Maximum likelihood (ML) bootstrap (BS) consensus network for the standard analysis. Green edges correspond to branches seen in the unconstrained Bayesian tree in Kolipakam et al. (2018, fig. 4), the olive edges to alternatives in the PP support network by S. Greenhill. Edge values show ML-BS support, and PP for comparison.
ML-BS consensus network for the analysis correcting for the ascertainment bias. BSasc annotated at edges in bold font, with BSunc and PP (graph before) provided for comparison. Note the higher tree-likeness of the graph.
Both graphs show that this characters’ naïve approach is relatively decisive, even more so when we correct against the ascertainment bias. The graphs show relatively few boxes, referring to competing, tree-incompatible signals in the underlying matrix.

Differences involve Kannada, a language that is resolved as equally related to Malayam-Tamil and Kodava-Yeruva — BSasc = 39/35, when correcting for ascertainment bias; but BSunc < 20/40, using the standard analysis); and Kolami is supported as sister to Koya-Telugu (BSasc = 69 vs. BSunc. = 49) rather than Gondi (BSasc < 20, BSunc = 21).

They also show that from a tree-inference point of view, we don't need highly sophisticated models. All branches with high (or unambiguous) PP in the original analysis are also inferred, and can be supported using maximum likelihood with the simple 1-parameter Mk model. This also means that if the scoring were to include certain biases, the models may not correct against this. At best, they help to increase the support and minimize the alternatives, although the opposite can also be true.

For relationships within the Central-South II clade (unconstrained and constrained analyses), the PP were low. The character-naïve Maximum likelihood analysis reflects some signal ambiguity, too, and can occasionally be higher than the PP. BS > PP values are directly indicative of issues with the phylogenetic signal (eg. lack of discriminative signal, topological ambiguity), because in general PP tend to overestimate and BS underestimate. The only obvious difference is that Maximum likelihood failed to provide support for the putative sister relationship between Ollari Gadba and Parji of the Central group.

The crux with using trees

When inferring a tree as the basis of our hypothesis testing, we do this under the assumption that a series of dichotomies can model the diversification process. Languages are particularly difficult in this respect, because even when we clean the data of borrowings, we cannot be sure that the formation of languages represents a simple split of one unit into two units. Support consensus networks based on the Bayesian or bootstrap tree samples can open a new viewpoint by visualizing internal conflict.

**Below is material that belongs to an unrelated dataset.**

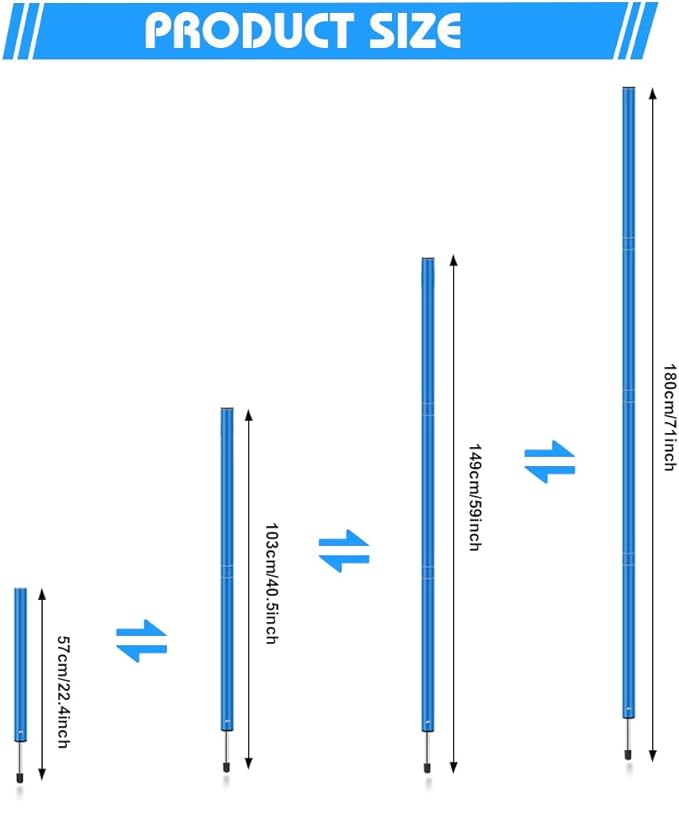 - Easy To Use】:The soccer equipment for training set is detachable and assembled with a total of 6 training poles. A pole can be divided into 4 poles and a ground peg. The height-adjustable design of the agility pole is suitable for multi-age athletes, you can adjust the height of the bar according to your training goals. easy to operate, easy to use. These training poles are perfect for coaches who are training a large group at club or college level.

This tree-model conflict may be genuine. For example, when languages evolve and establish they may be closer or farther from their respective sibling languages and may have undergone some non-dichotomous sorting process. Alternatively, the conflict may be due to character scoring, the way one transforms a lexicon into a sequence of (here) binary characters. The support networks allow exploring these phenomena beyond the model question. Ideally, a BS of 40 vs. 30 means that 40% of the binary characters support the one alternative and 30% support the competing one.

In this respect, historical-linguistic and morphological-biology matrices have a lot in common. Languages and morphologies can provide tree-incompatible signals, or contain signals that infer different topologies. By mapping the characters on the alternatives, we can investigate whether this is a genuine signal or one related to our character coding.

Mapping the binary sequences for the concept "all" (example used above to illustrate the matrix basic properties; equalling 15 binary characters) on the ML-BS consensus network. We can see that its evolution is in pretty good agreement with the overall reconstruction. Two binaries support the sister relationship of the South II languages Koya and Telugo, and a third collects most members of the South I group. All other binaries are specific to one language, hence, do not produce a conflict with the edges in the network.